Unlike the gear-intensive scuba diving, snorkeling lets you go underwater with a minimum of equipment and training. Snorkeling is typically done in the shallow waters near the shore or along coral reefs. No special training or compressed air tanks are needed for snorkeling.The sport is typically learned in a few minutes time. Many resorts and vacation beach areas have snorkeling gear for rent, saving you space in the luggage when heading to snorkeling destinations.
Stand in the water no deeper than ankle deep. Slip the swim fins onto the feet, one foot at a time. Make sure the fins are snug against the back of the foot.
Smear a little saliva onto the inside lens of the snorkel mask and then dip it into the water to rinse off the spit.

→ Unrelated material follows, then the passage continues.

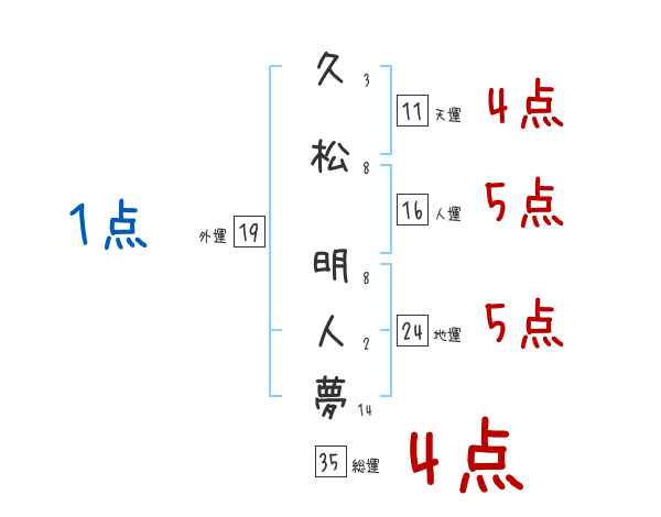 外運![]() | 久松明人夢さんの外運は19画の1つ星!優れた才能を持ちますが、協調性が足りないことも。周りの人と協力する事を意識しましょう。 生活面を象徴する運勢です。外部から受ける影響力を表し、結婚運、家庭運や職場、環境への順応性を表します。 |

Place the snorkel mask over the face, covering the eyes and nose. Position the snorkel -- the J-shaped tube -- so the mouth piece fits into the mouth and the tube extends up and above the head.

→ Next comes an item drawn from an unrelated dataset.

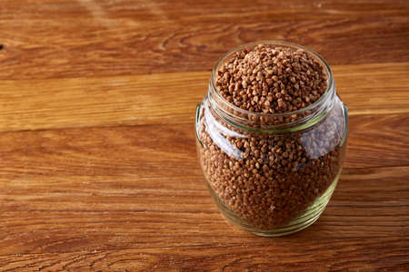 Buckwheat groats in a small glass jar on wooden background, close-up, selective focus. Studio shot. Some copy space for your inscription or text. Nutritious organic protein. Vegan cuisine. Healthy eating, dieting. Healthy food concept.

Go into the water and place your face flat onto the water surface. Practice inhaling and exhaling through the tube. Use your mouth to breath and do not over exert. If you begin to feel short of breath, slow down and breath easy. Do not attempt to take huge breaths through the snorkel.

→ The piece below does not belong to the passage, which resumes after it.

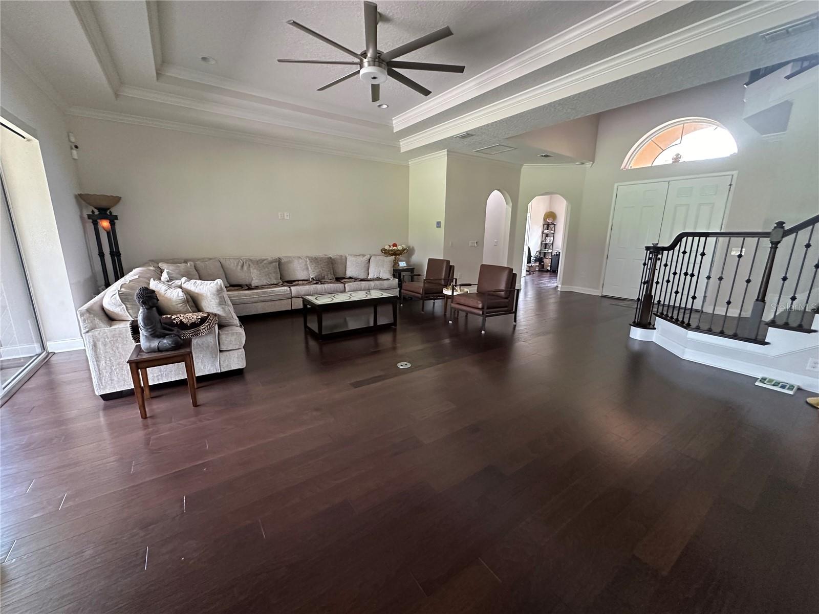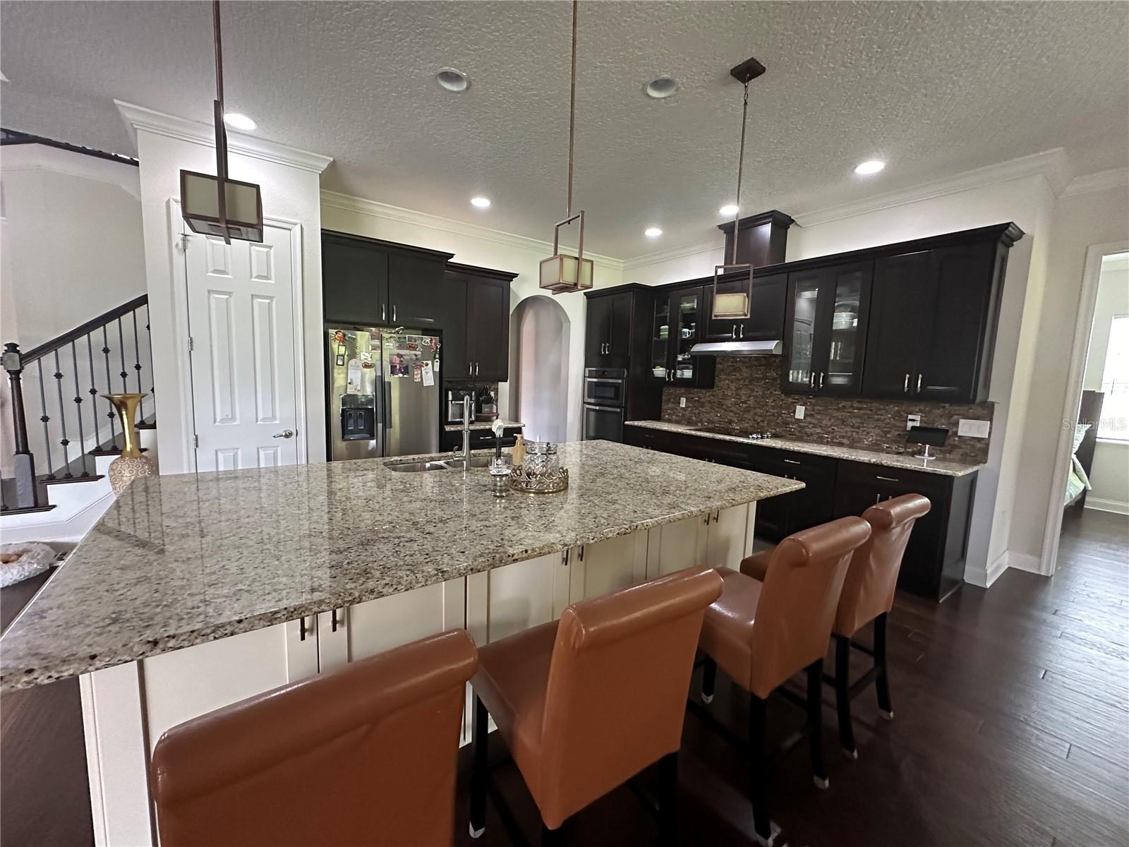 IMACULADO, COMO NOVO! Bem-vindo à elegante e bela casa construída pela Toll Brothers, localizada no desejável condomínio fechado de Fontana Estates. Esta casa de 2 andares bem projetada consiste em 4 quartos grandes, 4,5 banheiros, garagem para 3 carros, escritório, um loft espaçoso E sala bônus, todos com excelentes atualizações de design, ocupando um terreno de quase um acre. Ao entrar nesta casa aberta e espaçosa, o grande hall de entrada recebe você com abundância de luz natural, com vista para a ampla sala com belos pisos de madeira, teto duplo em caixotões e portas triplas de vidro deslizantes que fornecem acesso direto à varanda estendida de pavimentação de tijolos. , que é perfeito para relaxar e se divertir. Ao lado da grande sala fica a grande cozinha gourmet, rica em recursos, incluindo armários de cozinha em dois tons com bancada de granito, eletrodomésticos de aço inoxidável, forno duplo, uma ilha central de 2,7 metros de comprimento e uma espaçosa área de café da manhã adjacente. com vista para o amplo quintal com árvores de fruto e que lhe dá espaço para criar o seu próprio paraíso! Um hall comunicante da cozinha dá acesso a uma sala de jantar formal. Perto está a lavanderia interna com lavadora/secadora e banheira, uma suíte de hóspedes com closet para ele e ela e banheiro privativo, e voltando pela área de café da manhã há um quarto de hóspedes escondido, banheiro e porta de acesso à varanda. é ideal para viver em quartos divididos. Também localizada no primeiro andar está a impressionante suíte principal com closets duplos e um luxuoso banheiro privativo com pias duplas, banheira de hidromassagem e box de canto de vidro sem moldura, tornando-a uma área de retiro ideal. Perto de um escritório/escritório privado com entrada francesa e banheiro com pó. Seguindo para o piso secundário, a impecável escada em ferro com degraus em madeira tingida leva-o ao loft aberto com um quarto vizinho com casa de banho completa. Acompanhado por uma vasta sala de mídia com pré-instalação de teatro para suas necessidades de entretenimento. Esta casa possui rodapés de 5-1/4" e sancas, juntamente com tetos de 12' de altura, portas internas de 8' e iluminação enlatada adicional, tornando-a uma casa muito bem iluminada, dando-lhe os toques bem vestidos desta linda casa. Aprecie o sossego e a privacidade, mas aproveite o fácil acesso às vias expressas 408 e 417 para áreas centrais de Orlando. UCF, Valencia College, Waterford Lakes Town Center, restaurantes requintados e consultórios médicos ficam a poucos minutos de distância, com fácil acesso às praias da costa leste, NASA e Cabo Canaveral, entre outros! Esta fantástica casa de luxo mal habitada está esperando você ligar para casa, então não perca tempo para ver do que se trata!!!

Take a deep breath and go underwater. Do not try to breath underwater. Look up to the surface, place both hands against the mask and exhale through the nose. This blows any water that leaked into the mask out and seals the watertight fitting around the mask against the face.
Go to the surface and let the tube point up and out of the water. Blow out hard from the mouth to push all water out of the snorkel. Breath through the tube and mouth.